__WORK INSTRUCTIONS__.
An exact transcription of every record is needed, leaving out the pictures.

[DATA TO EXAMINE Boundary: Start]

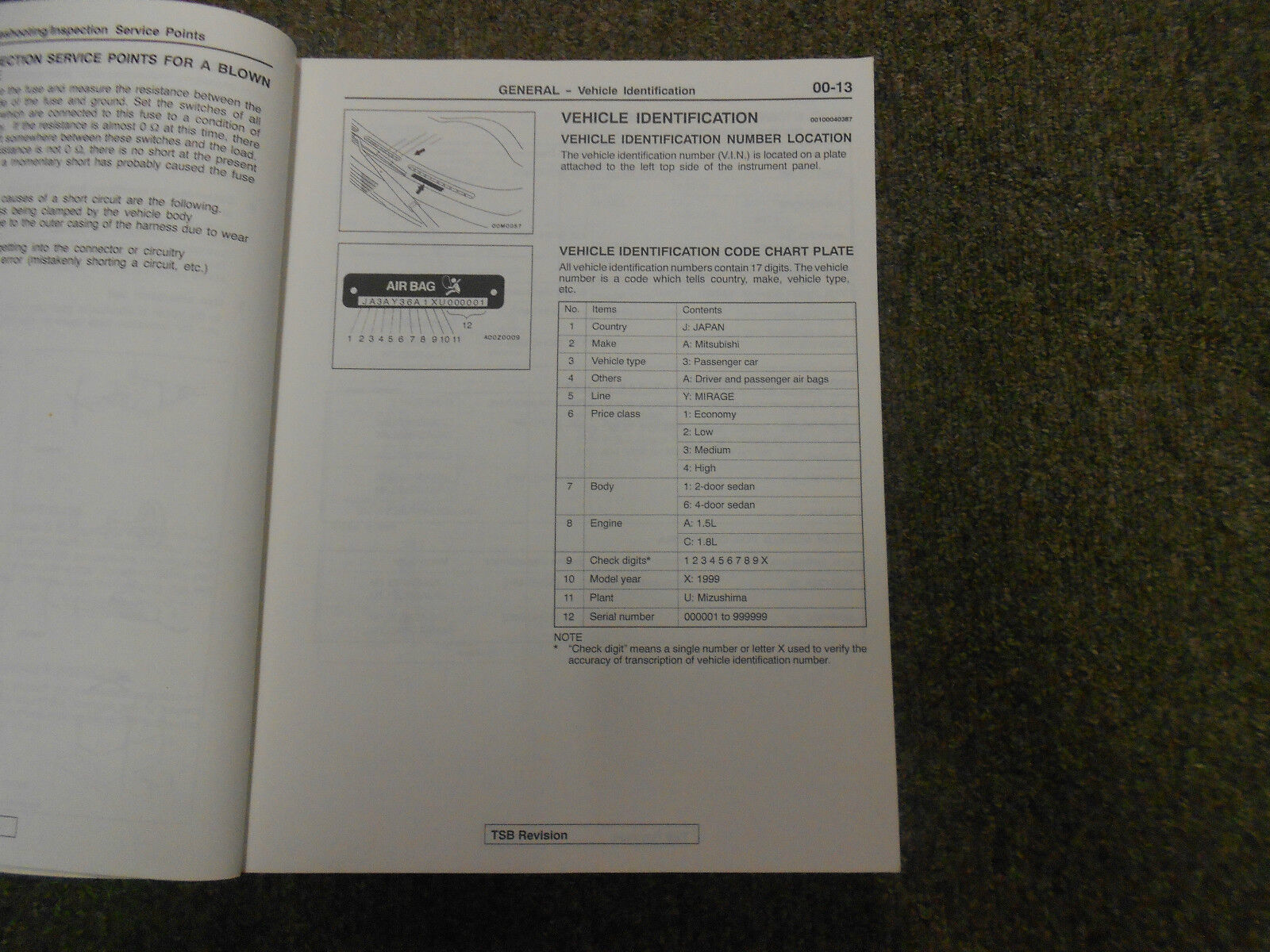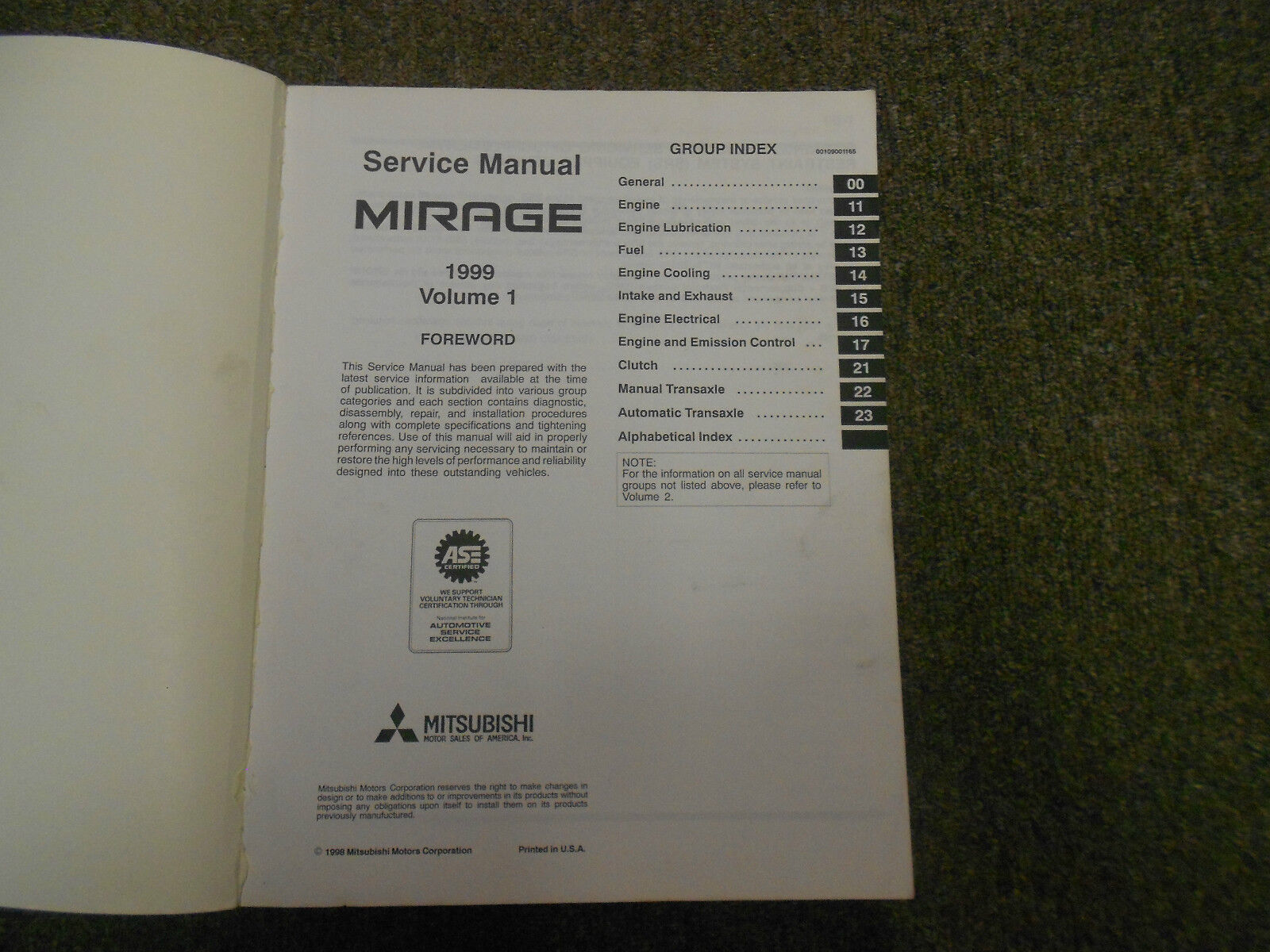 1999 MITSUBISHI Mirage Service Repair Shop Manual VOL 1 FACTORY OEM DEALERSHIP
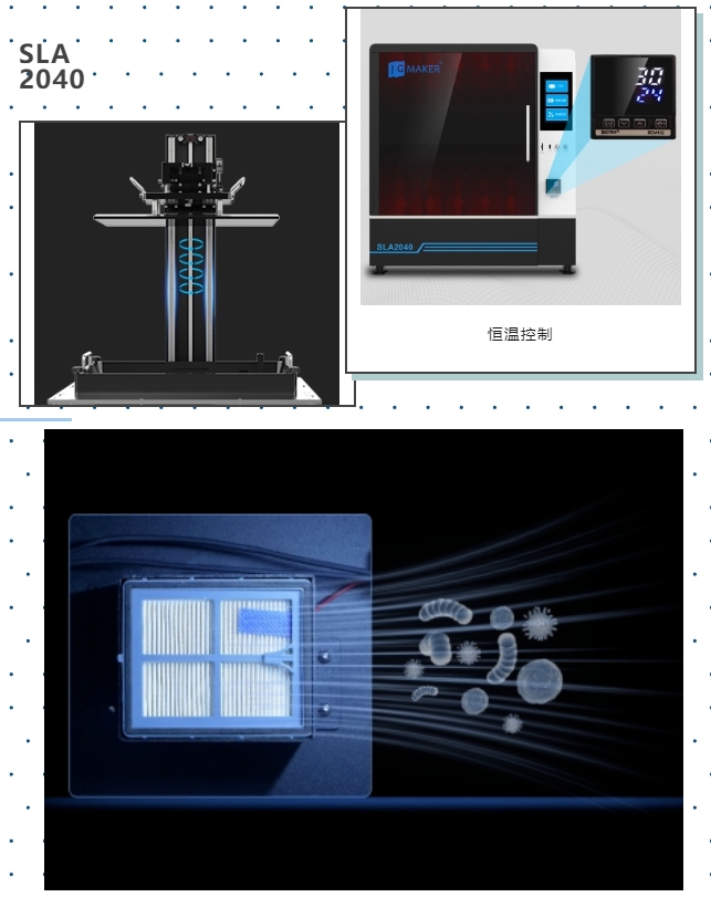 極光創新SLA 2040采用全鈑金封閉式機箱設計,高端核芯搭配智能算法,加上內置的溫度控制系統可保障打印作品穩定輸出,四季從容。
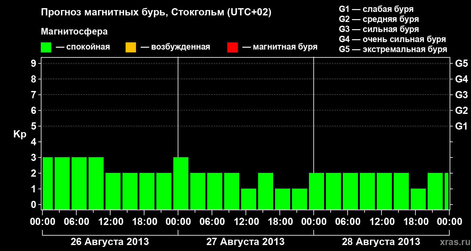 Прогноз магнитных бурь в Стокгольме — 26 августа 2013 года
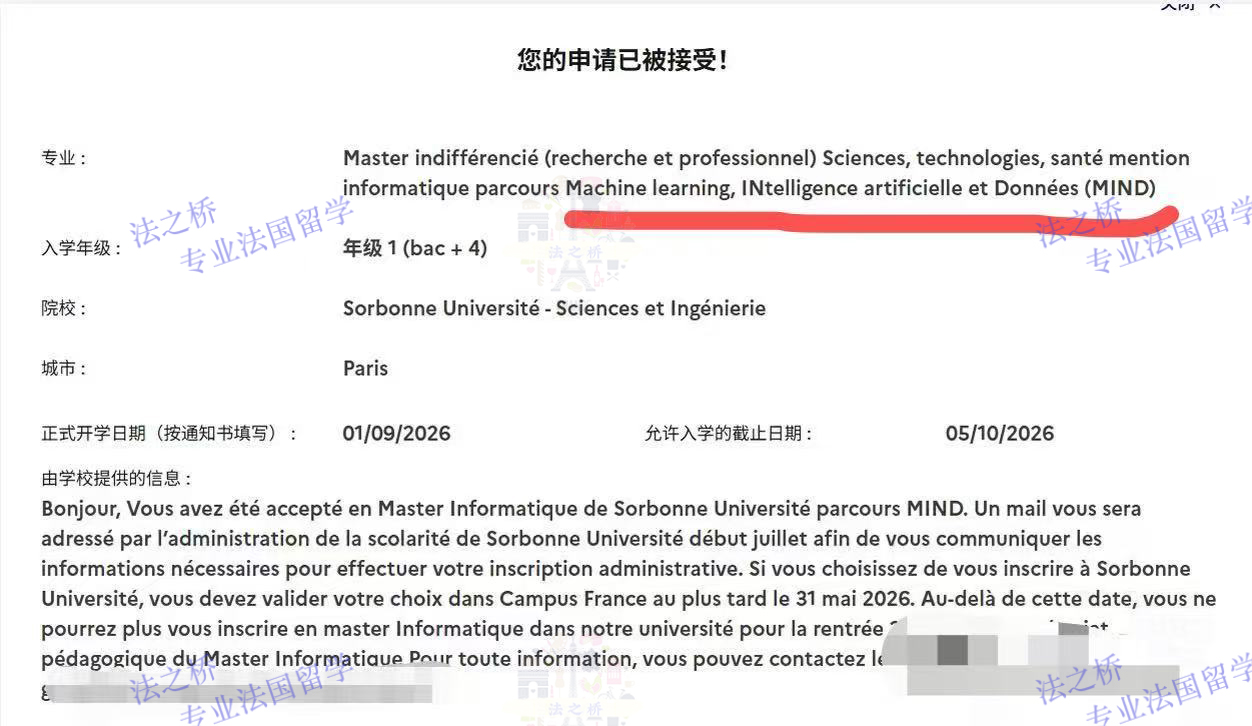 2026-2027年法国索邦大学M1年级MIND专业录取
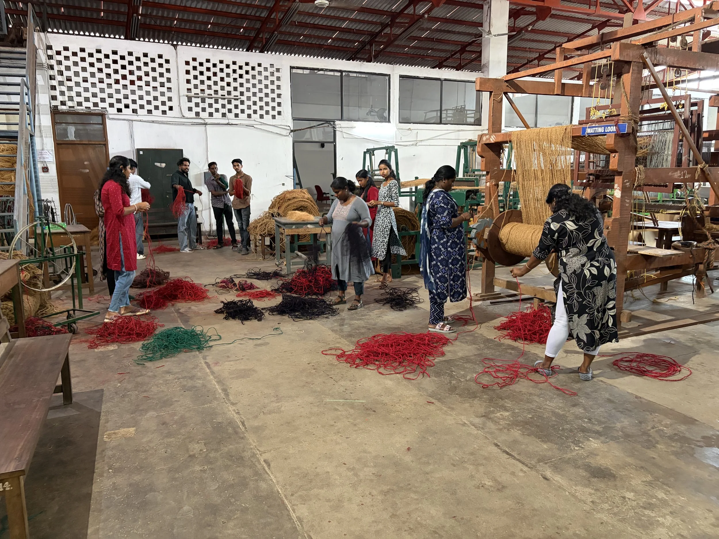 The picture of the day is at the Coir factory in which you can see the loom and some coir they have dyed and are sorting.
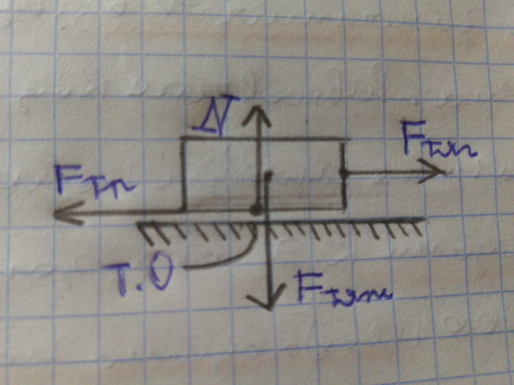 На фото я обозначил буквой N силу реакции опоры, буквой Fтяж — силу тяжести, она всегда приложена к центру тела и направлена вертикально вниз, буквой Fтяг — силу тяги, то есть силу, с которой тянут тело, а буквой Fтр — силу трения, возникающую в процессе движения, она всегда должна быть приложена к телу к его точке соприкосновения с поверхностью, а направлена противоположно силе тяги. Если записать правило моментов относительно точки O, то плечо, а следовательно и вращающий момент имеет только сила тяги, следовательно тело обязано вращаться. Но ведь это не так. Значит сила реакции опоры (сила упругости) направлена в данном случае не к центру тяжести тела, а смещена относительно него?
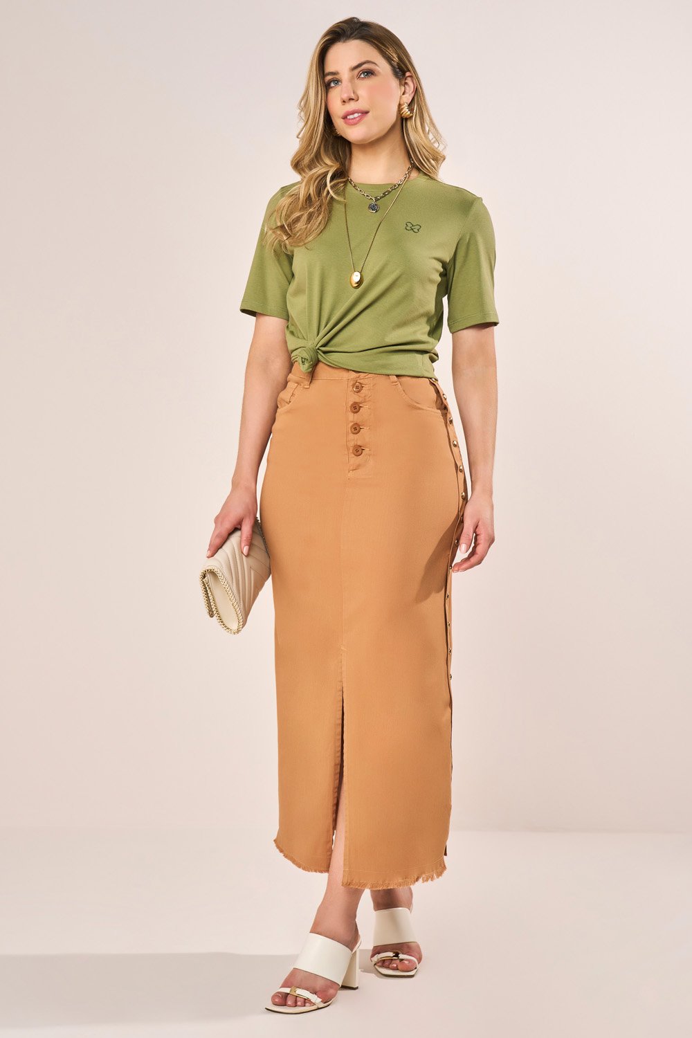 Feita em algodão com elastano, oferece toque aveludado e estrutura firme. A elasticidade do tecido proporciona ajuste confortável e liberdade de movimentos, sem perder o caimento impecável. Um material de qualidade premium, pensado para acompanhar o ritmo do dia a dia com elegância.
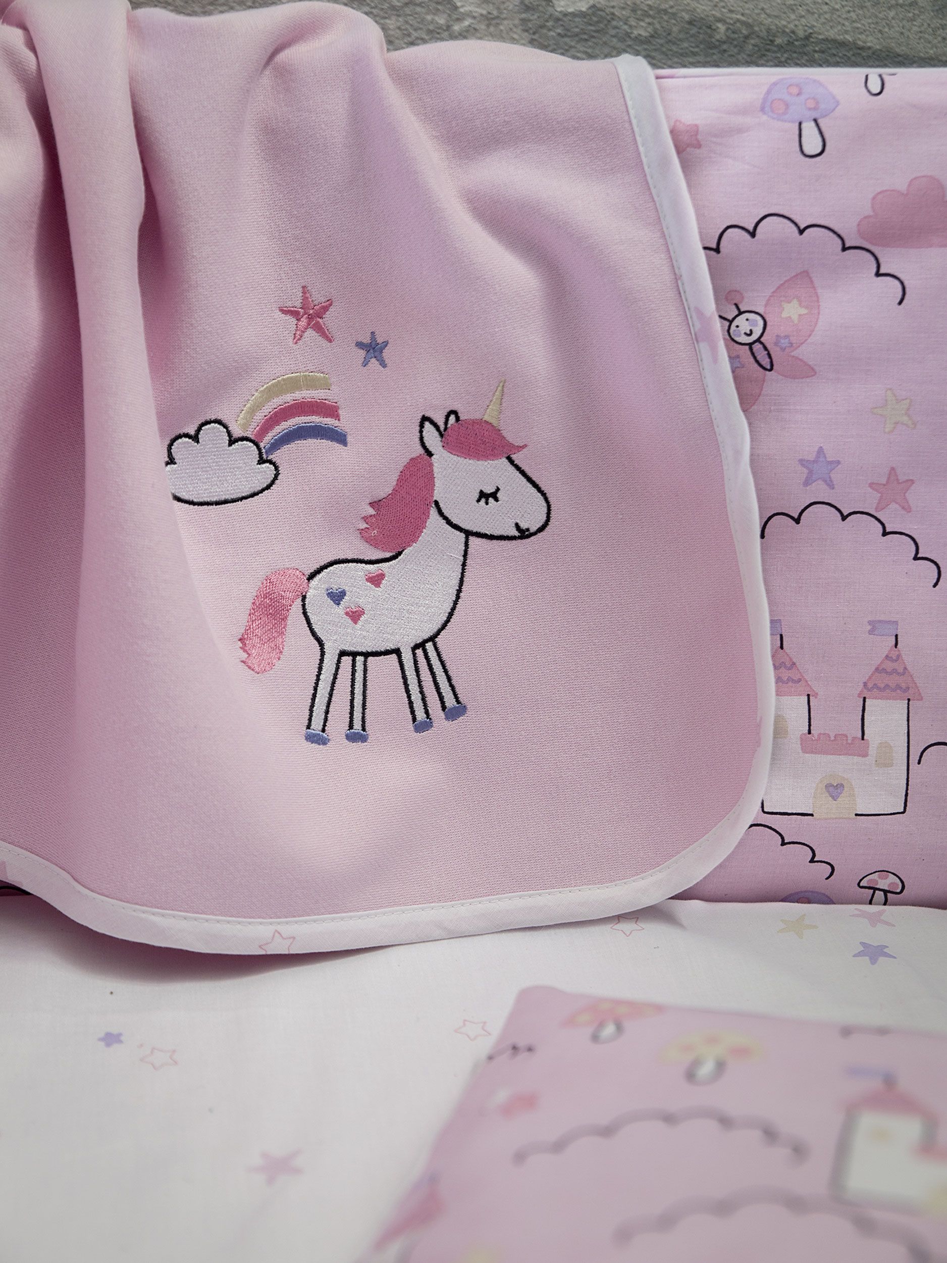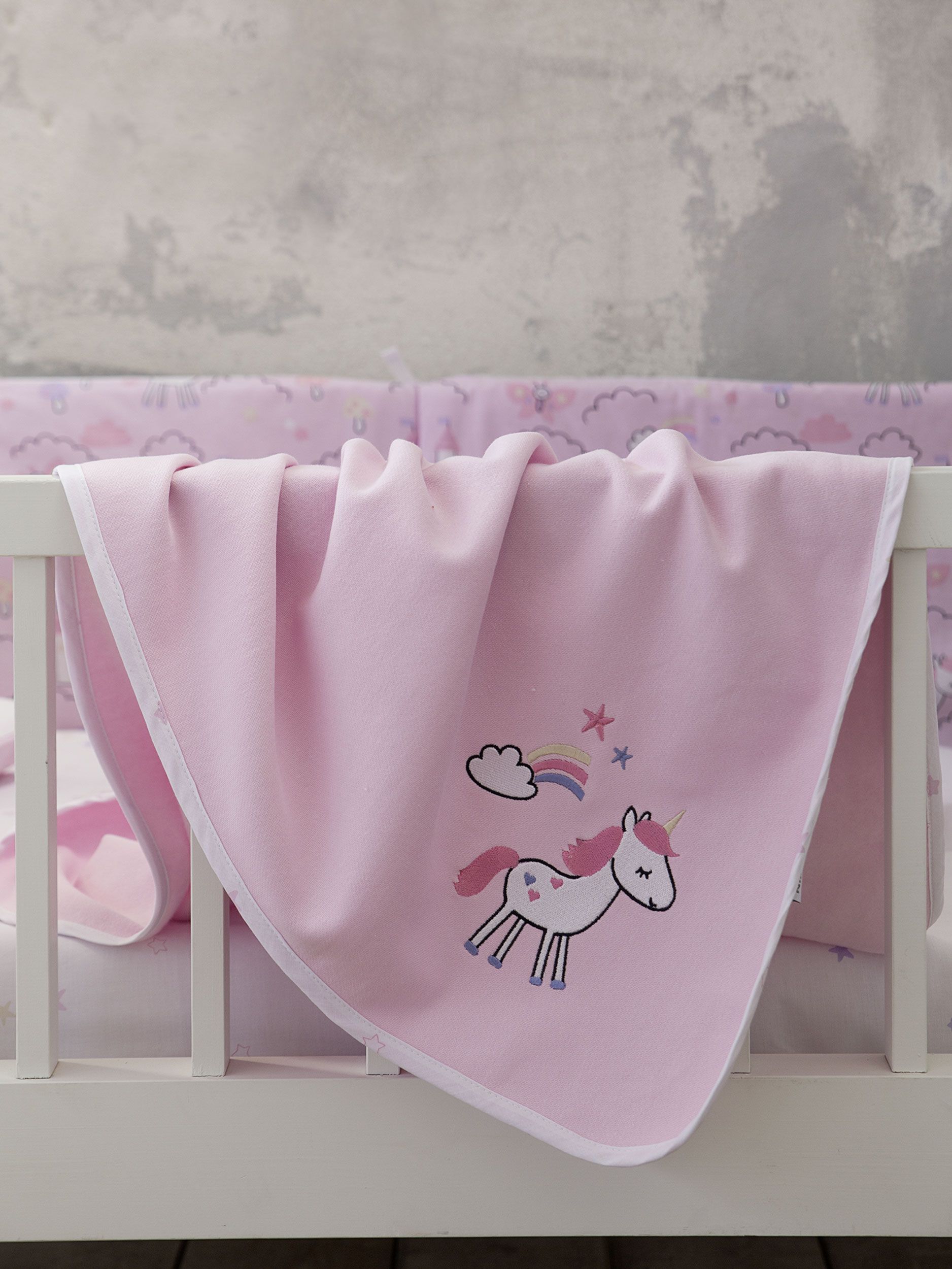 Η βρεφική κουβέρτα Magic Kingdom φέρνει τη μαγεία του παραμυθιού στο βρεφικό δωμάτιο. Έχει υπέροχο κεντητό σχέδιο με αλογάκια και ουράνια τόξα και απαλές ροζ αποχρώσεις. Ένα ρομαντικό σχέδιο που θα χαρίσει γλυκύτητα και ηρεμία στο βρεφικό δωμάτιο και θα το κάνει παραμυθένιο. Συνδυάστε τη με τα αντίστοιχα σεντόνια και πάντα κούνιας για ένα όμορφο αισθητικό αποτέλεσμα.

[DATA TO EXAMINE Boundary: End]

__THE COMPLETED TASK__.
 1999 MITSUBISHI Mirage Service Repair Shop Manual VOL 1 FACTORY OEM DEALERSHIP
 極光創新SLA 2040采用全鈑金封閉式機箱設計,高端核芯搭配智能算法,加上內置的溫度控制系統可保障打印作品穩定輸出,四季從容。
 Прогноз магнитных бурь в Стокгольме — 26 августа 2013 года
 2026-2027年法国索邦大学M1年级MIND专业录取
 The picture of the day is at the Coir factory in which you can see the loom and some coir they have dyed and are sorting.
 На фото я обозначил буквой N силу реакции опоры, буквой Fтяж — силу тяжести, она всегда приложена к центру тела и направлена вертикально вниз, буквой Fтяг — силу тяги, то есть силу, с которой тянут тело, а буквой Fтр — силу трения, возникающую в процессе движения, она всегда должна быть приложена к телу к его точке соприкосновения с поверхностью, а направлена противоположно силе тяги. Если записать правило моментов относительно точки O, то плечо, а следовательно и вращающий момент имеет только сила тяги, следовательно тело обязано вращаться. Но ведь это не так. Значит сила реакции опоры (сила упругости) направлена в данном случае не к центру тяжести тела, а смещена относительно него?
 Feita em algodão com elastano, oferece toque aveludado e estrutura firme. A elasticidade do tecido proporciona ajuste confortável e liberdade de movimentos, sem perder o caimento impecável. Um material de qualidade premium, pensado para acompanhar o ritmo do dia a dia com elegância.
 Η βρεφική κουβέρτα Magic Kingdom φέρνει τη μαγεία του παραμυθιού στο βρεφικό δωμάτιο. Έχει υπέροχο κεντητό σχέδιο με αλογάκια και ουράνια τόξα και απαλές ροζ αποχρώσεις. Ένα ρομαντικό σχέδιο που θα χαρίσει γλυκύτητα και ηρεμία στο βρεφικό δωμάτιο και θα το κάνει παραμυθένιο. Συνδυάστε τη με τα αντίστοιχα σεντόνια και πάντα κούνιας για ένα όμορφο αισθητικό αποτέλεσμα.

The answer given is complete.